Figure 4: Small gain changes consistent with feature attention or surround modulation enable different visual features to guide choices.
A. Schematic of the hypothesis that gain changes will reformat stimulus representations to align with a fixed readout axis depending upon the relevant feature.
B. Small gain changes can, but do not necessarily transform the population response to enable different features to guide choices. Similar to Figure 3, we simulated neurons tuned to two features and assigned small gains to each neuron by drawing from a distribution similar to the distribution of gains that have been reported for feature attention(22). Some random draws transform the population such that the representation of the task-relevant feature is aligned with the readout axis (black). As in the previous simulation, many random draws from the same distributions (black vs gray points; left) do not (gray; right).
C. Stimuli varied in color/luminance (blue to gray) and curviness/shape (triangle to circle). Background colors allow comparison to neural results in G and H.

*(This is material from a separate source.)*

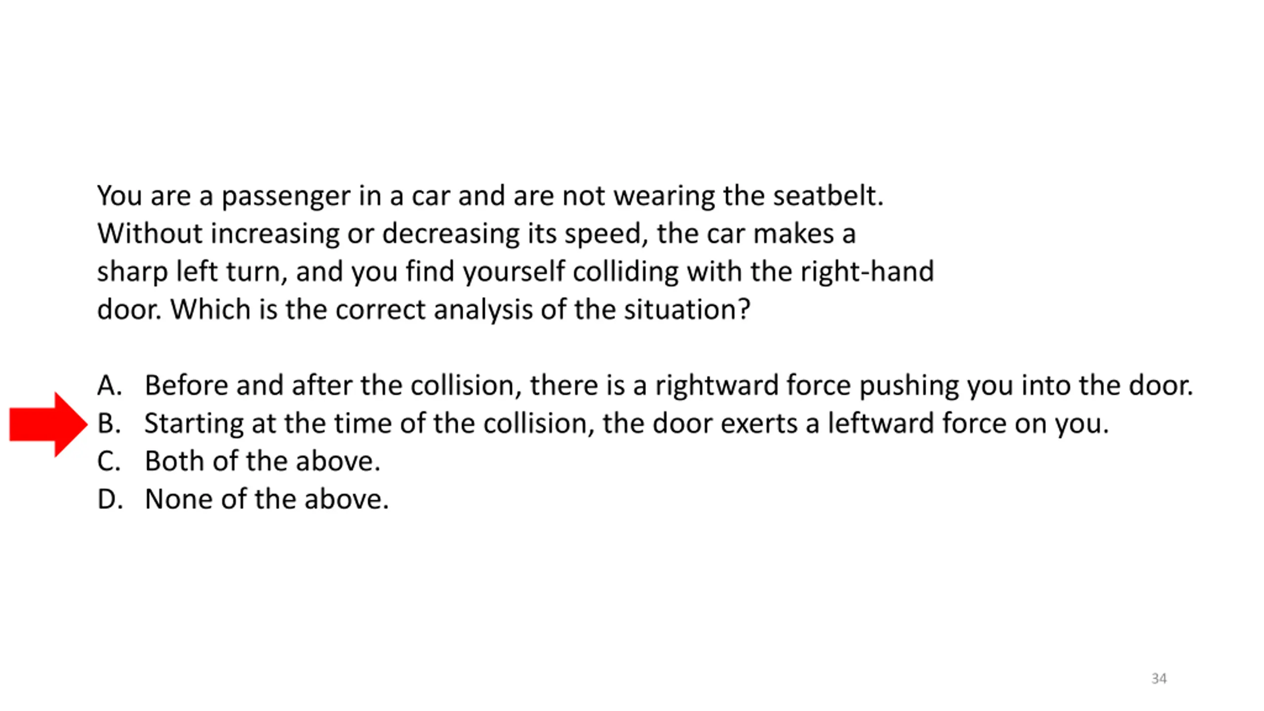 You are a passenger in a car and are not wearing the seatbelt. Without increasing or decreasing its speed, the car makes a sharp left turn, and you find yourself colliding with the right-hand door. Which is the correct analysis of the situation? A. Before and after the collision, there is a rightward force pushing you into the door. B. Starting at the time of the collision, the door exerts a leftward force on you. C. Both of the above. D. None of the above. 34

D. Schematic of the two-feature (curvature/color) discrimination task. The monkey was rewarded for making a saccade to one of the stimuli (one in the joint receptive fields of the recorded V4 neurons and one in the opposite hemifield). During the curvature task, the colors of the two stimuli were the same (selected from the same row in C) and the more circular stimulus was rewarded. During the color task, the stimuli were the same (selected from the same column in C) and the bluer stimulus was rewarded.

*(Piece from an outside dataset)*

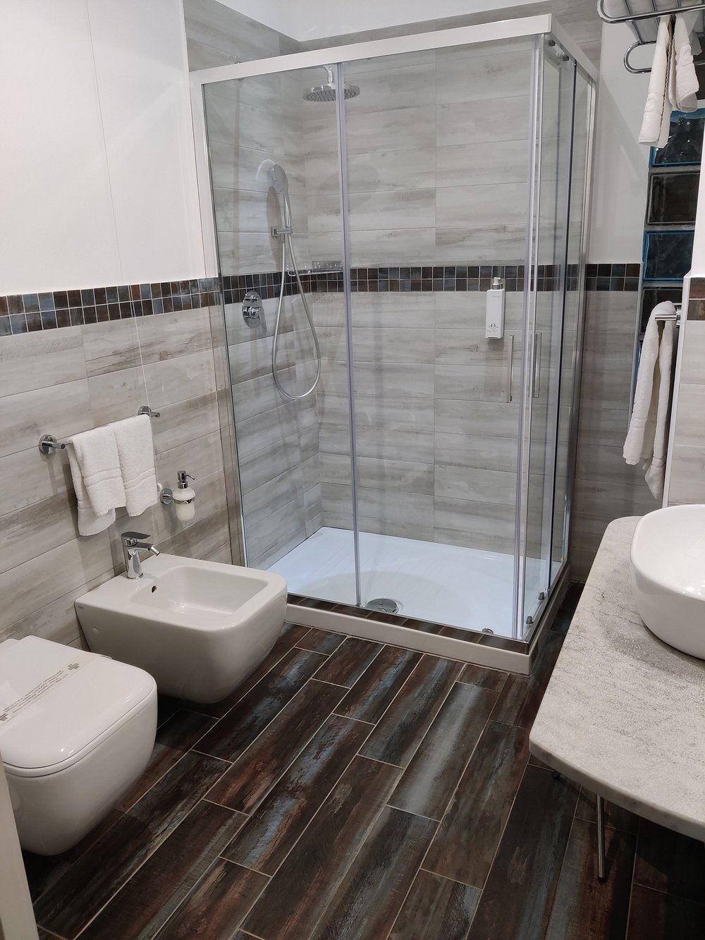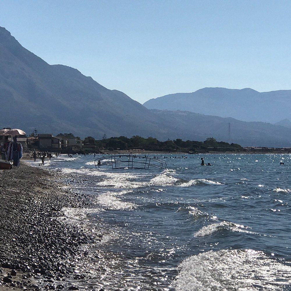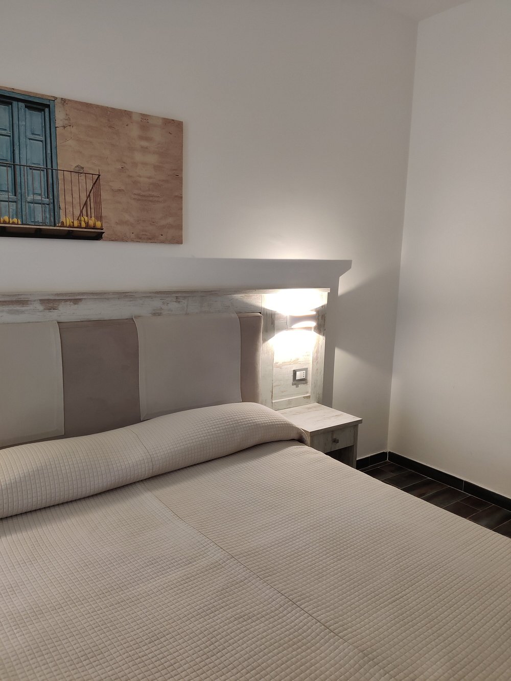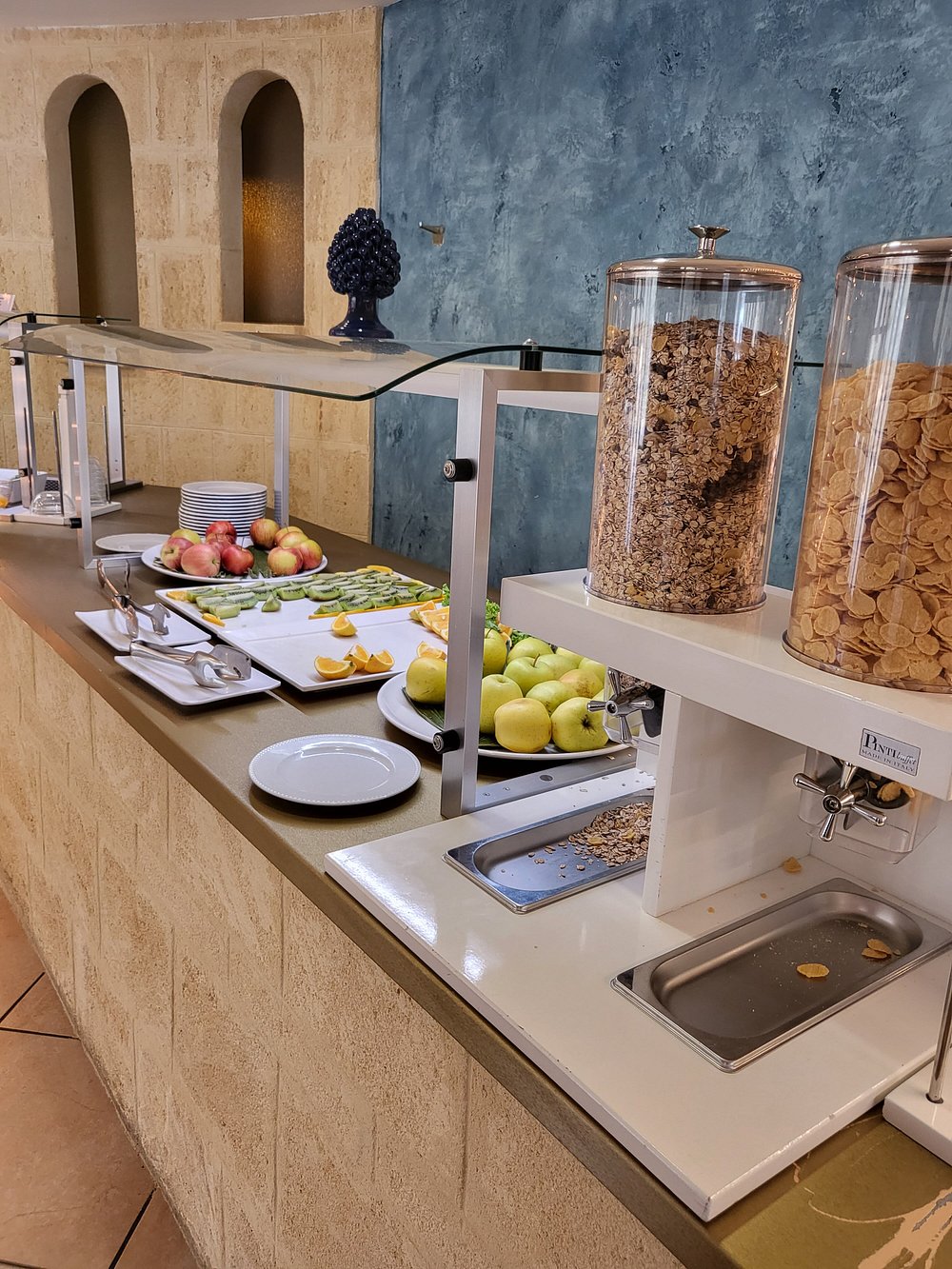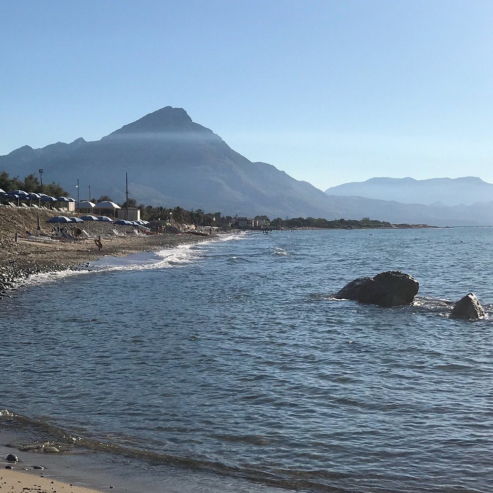 Wejście do hotelu z kamienną fasadą i dużym, widocznym szyldem. Architektura w stylu śródziemnomorskim z elementami drewnianymi i roślinnością w donicach.

E. Example psychometric curves for the curvature (black) and color (blue) task. The plot depicts the proportion of trials in which the monkey chose the stimulus in the receptive fields of the recorded V4 neurons as a function of the relevant feature of the stimulus that was in that receptive field. These data are from a single experimental session (314 total trials, 89% correct overall; 176 color task trials, 89% correct; 138 shape task trials, 90% correct). Across the 23 sessions that were used for further analysis, during which curvature and color task trials were randomly interleaved, the monkey performed at 85.45% correct overall (~ 610 trials on average per session), 79.54% on the color task, and 91.65% on the shape task.

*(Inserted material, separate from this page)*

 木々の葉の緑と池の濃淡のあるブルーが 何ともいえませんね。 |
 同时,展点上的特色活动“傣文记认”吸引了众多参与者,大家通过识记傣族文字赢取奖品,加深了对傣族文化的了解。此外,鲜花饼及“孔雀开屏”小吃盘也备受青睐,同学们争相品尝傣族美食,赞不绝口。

F. Replication of previous results showing a relationship between the modulation of neural responses associated with the different tasks and the selectivity of the neuron to the two features. The linear fit (R2=0.032; intercept=0.007 (p<10−11); slope=0.19 (p<10−8)) and 95% confidence intervals are indicated by black line and gray shaded region.
G. Population representation of the two stimulus features using PCA (left) and QR decomposition (right) to visualize the representations of color (blue to yellow gradient) and shape (black to gray gradient) of the image in the population RF. Each point is the V4 population response on one trial.
H. Evidence that task-dependent gains reformat neural representations to enable flexibility in which feature guides choices (left). The middle and right plots depict correlations between the values predicted by the linear combination of V4 responses that best predicts color (left) or curvature (right) and the actual values of shapes, colors, and choices in the color (y-axes) or curvature task trials (x-axes). Across both tasks, shape and color are decoded well on the shape and color axes respectively, but not vice versa, suggesting that the two features are approximately orthogonally represented in neural population space. As predicted by the simulations (square markers), on color task trials, we could decode the animal’s choices significantly better on the color than on the shape axis (Wilcoxon signed rank test, p<10−4), and on shape trials, we could decode choices significantly better on the shape than the color axis (Wilcoxon signed rank test, p<10−4). Marginal histograms with arrows indicating means are shown at the top and right of both panels (black line and the number indicate the experiment count).